Every job interview is a potential crash and burn situation for a nervous amateur. Knees weaken and speech is slurred. The only thing that the interviewer might catch from the series of incoherent mumbling that comes out of your mouth is that you’re weak and likely unfit for the job. However impressive that resume is, looking weak is a one way ticket to going home without a job.

Simple and effective: being yourself: Generations-old advice in handling an interview is putting your best foot forward. Dress to impress. Look the cleanest and most earnest you can be. Become a hirable, confident, and unshakable piece of work –at least until the interview is done. In short, put on a personality that will get you the job!

This attitude should nowhere be around Job Interview preparation. While good actors might pull off this technique in an interview, the rest of us will just be put in a place we don’t want to be in. This type of attitude just puts you in a position where you need to be someone else, something the average potential employee is likely not comfortable doing.

Going to an interview with a made up perfect-for-the-job persona will get you kicked out before getting you a job.

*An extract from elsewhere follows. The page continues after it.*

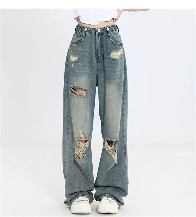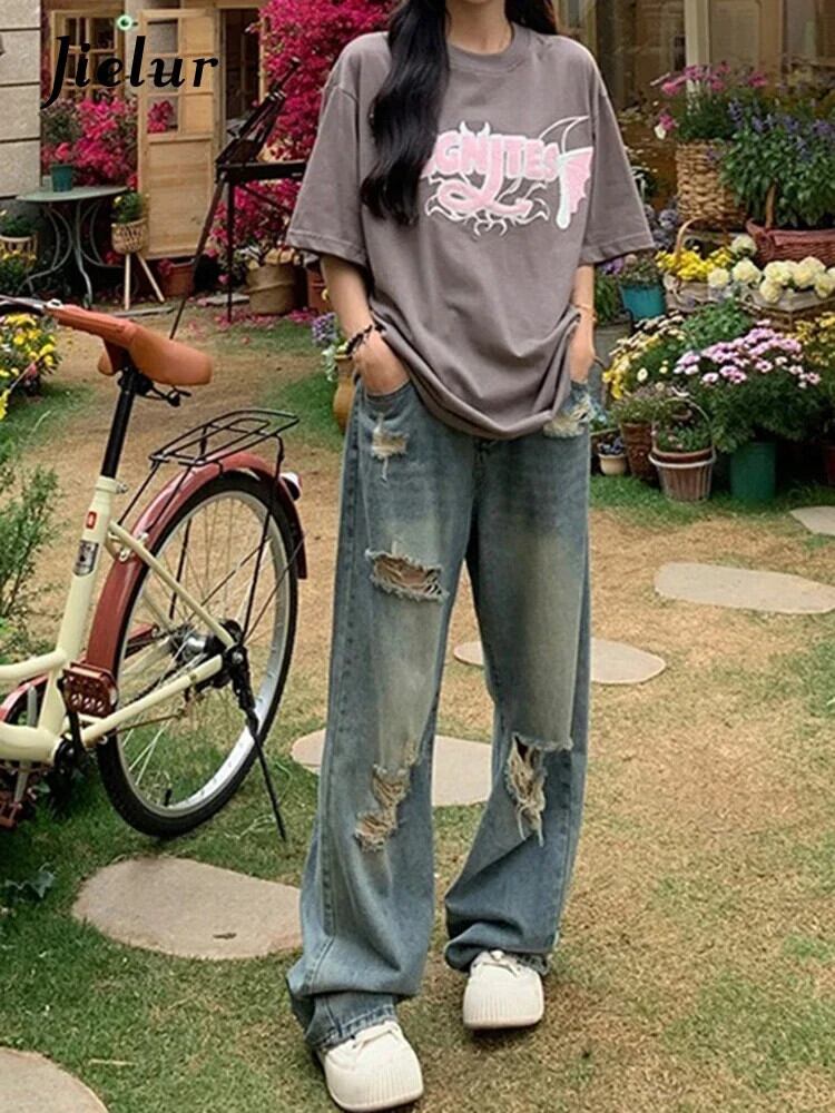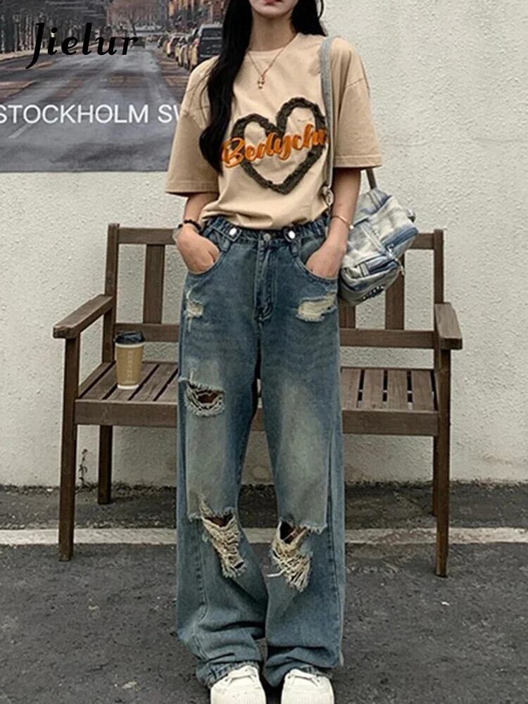 送料無料 Jielur 秋ウエストルーズスリムジーンズ女性アメリカンレトロ穴ジーンズブルーストリート Chicly ジーンズ女性 オータム 秋物 AE12188787814101008080

It just doesn’t work. People can tell when you’re lying, especially trained interviewers.

Underneath the interviewer’s three piece suit is still a living and breathing person. And people appreciate and remember an honest attitude. You’re likely to be called back for a job interview follow up if you just approach the interview with resolve, honesty, gusto, and a touch of confidence.

Communication is a two-way process: An interview requires communication between two people. You shouldn’t just answer each question with the intention of making yourself look good. You should listen to each question intently, and think of what answers that question best.

Also, it’s not just you, the potential employee, talking about why you should be hired. If you get in close enough to the interviewer, try asking a few non-invasive slightly personal questions yourself. Where’d you get your degree? How long have you worked here?

Try to ask something that will feel natural to the conversation, and build a connection between the two of you –something to ensure that you’re remembered.

Silence is natural: Part of communicating is thinking of a response to what the other person said. Silence doesn’t have to be awkward. As long as it doesn’t last too long, an interviewee can take a minute or two to think should the job interview questions require it.

You don’t need to fill in every gap in the conversation with a stupid joke or what you feel is a witty anecdote. Just let the silence come and pass, and try not to do anything unnecessary should the silence prove too awkward for you.

Don’t sweat it: You wouldn’t be in an interview if you weren’t qualified in the first place. You’ve nothing to fret about, you just need to be yourself and be convinced that you deserve the job you want.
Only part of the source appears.